PHOENIX — The failure of Secretary of State Michele Reagan to get ballot brochures on time to the homes of 200,000 voters ahead of last year’s election broke state law, according to a report Wednesday.

Attorney Tom Morrissey, asked to investigate by Attorney General Mark Brnovich, said his year-long inquiry found Reagan’s staff failed to follow various procedures designed to ensure that Arizonans knew what they were voting on in the May 2016 special election.

Potentially more significant, Morrissey said Reagan was aware of the problem more than two weeks before she notified the public that many voters would not be getting the brochures on time.

The brochures described the details of Proposition 123 to put more money into public education and Proposition 124 to make changes to public pension plans.

He said if people knew they were not getting the pamphlets in the mail before early voting started, as required by law, they could have made efforts to seek out the information for themselves. But by the time Reagan made the failure public — which she did only after attorney Tom Ryan complained to Brnovich — some people had already voted and put their ballots into the mail.

That, Morrissey said, was unacceptable.

But he found no evidence of criminal violations by Reagan, state Elections Director Eric Spencer or the staff.

The attorney said only “knowing” violations of state election laws subject violators to potential jail time and fines. And Morrissey said staffers were trying to comply with the law, even though they did not succeed.

That still leaves Reagan, as the top state election official, in civil violation of the law. But Morrissey said a gap in state statutes provides no penalty.

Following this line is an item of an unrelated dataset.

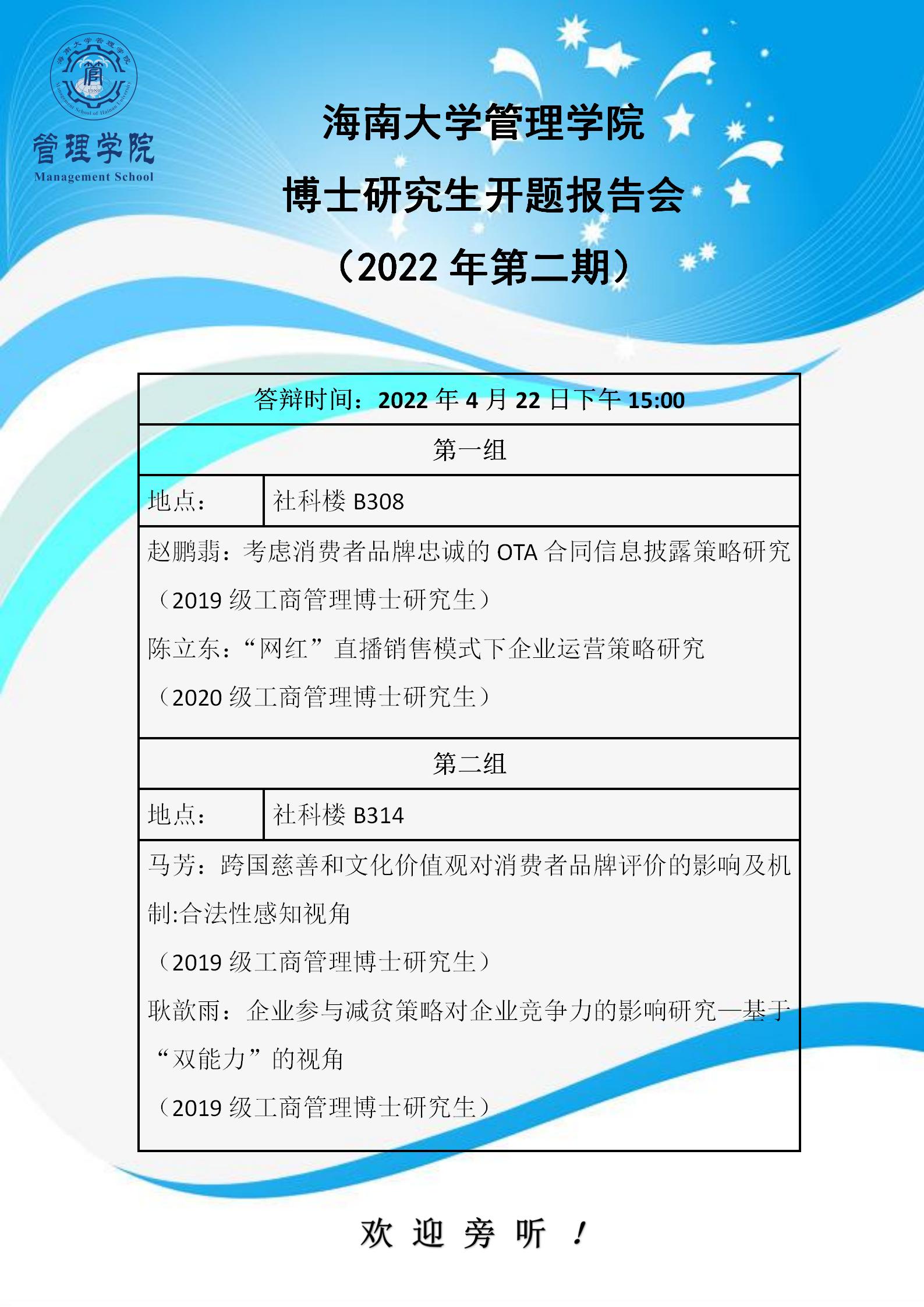 黄色网站 管理学院博士研究生开题报告会(2022年第二期)

Brnovich spokesman Ryan Anderson said attorneys within the office are reviewing the findings to see if further action is necessary. But without a change in the law, Anderson said, there is nothing to deter election officials from repeating the error.

“As we said last year, mistakes were made and we were responsible,” Reagan said Wednesday in a prepared statement. “Since, we’ve made staffing changes, added additional layers of quality control and will utilize a different vendor.”

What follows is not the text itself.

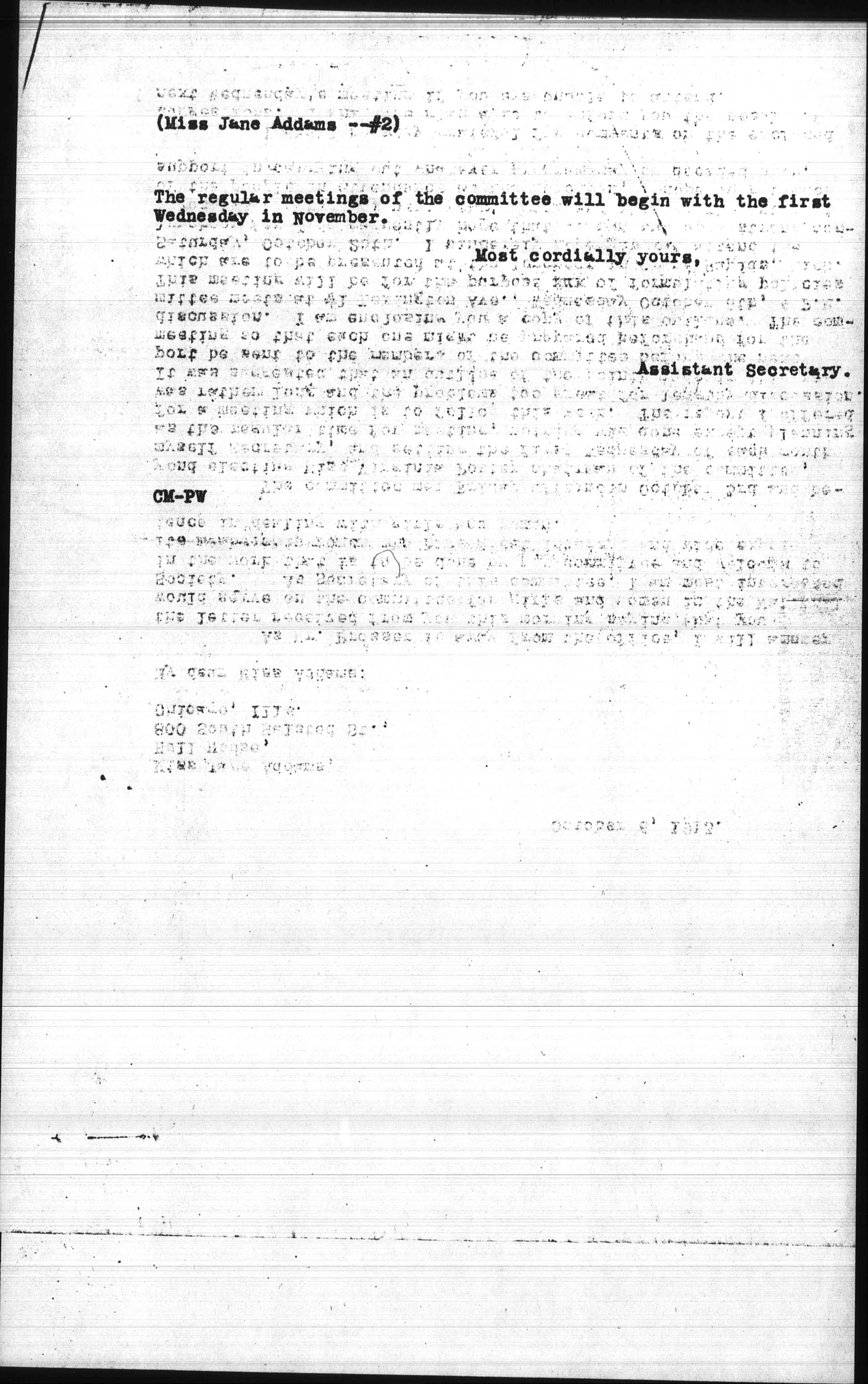 The committee met Friday afternoon October 3rd and beyond electing Miss Virginia Potter chairman of the committee, myself Secretary, and setting the first Wednesday of each month as the regular time for meeting, nothing was done except planning for a meeting which is to follow this week. The report I offered was rather long and the problems too great for lengthy discussion. It was suggested that an outline of the points made in this report be sent to the members of the committee before the next meeting so that each one might be prepared beforehand for the discussion. I am enclosing you a copy of this outline. The committee meets at #1 Lexington Ave., Wednesday October 8th, 4 P.M. This meeting will be for the purpose of formulating policies which are to be presented at the luncheon in Grand Rapids, Mich. Saturday, October 25th. I sincerely hope you can attend the luncheon for I do earnestly hope that we can put up a strong constructive program for next year's work and through the interest of the people in attendance at the luncheon, I hope to get much support in carrying out whatever program may be decided upon.

Arizona law mandates that one pamphlet go to every household with a registered voter ahead of people getting their early ballots. The pamphlet contains not only what is supposed to be an impartial explanation of every measure but also pro and con arguments. By law, that should have happened by April 20, 2016.

Morrissey found that staffers in Reagan’s office tried a method of generating a mailing list different than one used by her predecessors. But the list excluded voters in 13 of the state’s 15 counties who were also on another list where they automatically get early ballots.

Overall, with multiple voters at some homes, the failure to get 200,000 of the 1.9 million brochures out by the deadline may have left 400,000 without the information.

There were just slightly fewer than 1.1 million votes cast at the May 17 special election, and Proposition 123 was approved by a margin of 19,416 votes.

Morrissey said county election officials began notifying Reagan’s office as early as April 22 about voters not getting pamphlets. And by April 26, he said, “it was evident that the failure was widespread and not limited to a single county.”

He said, though, that Spencer advised staffers to respond only to county election officials who made specific inquiries.

“For 19 days ... Secretary Reagan’s staff and Secretary Reagan chose not to widely disseminate information,” Morrissey wrote. “The staff did not inform all county election officials, or the public, that certain pamphlets had not been delivered.”

Spencer specifically rejected the idea, he said, of mailing a postcard to affected voters to tell them that the pamphlets would be coming, albeit late.

“Other remedial options that would have provided wider notice to voters of the nature and scope of the problem, such as a press conference, or notice to the election officials in all 15 counties, were also not adopted,” Morrissey said.

Reagan finally acknowledged the problem on May 11, six days before the election and after about half a million votes had been cast.

But even then, Morrissey said, Reagan was not being honest with voters, saying the problem was with an outside company that was preparing the mailing list.

“In blaming IBM, Secretary Reagan failed to acknowledge that her staff, not IBM, was responsible for and produced the household mailing list,” he said. Morrissey said that was the fault of Reagan’s office, which “deviated from successful practices of previous secretaries of state.”

Morrissey also took issue with Spencer who, while being interviewed for the investigation, minimized the importance of the brochures. “That view is inconsistent with the role of the publicity pamphlet envisioned by the Arizona Legislature, the courts, and most importantly, the voters,” Morrissey wrote.

“Further, it is not true that the publicity pamphlet was available everywhere,” he said. For example, Morrissey said, many voters lack access to the internet to get one online.

Morrisey said Reagan declined Spencer’s offer to resign in the wake of the problem and no staff members were disciplined.

In complaining to Brnovich, Ryan asked that the election be postponed. The attorney general acknowledged the violation of state law but said nothing in the statutes gives him such authority.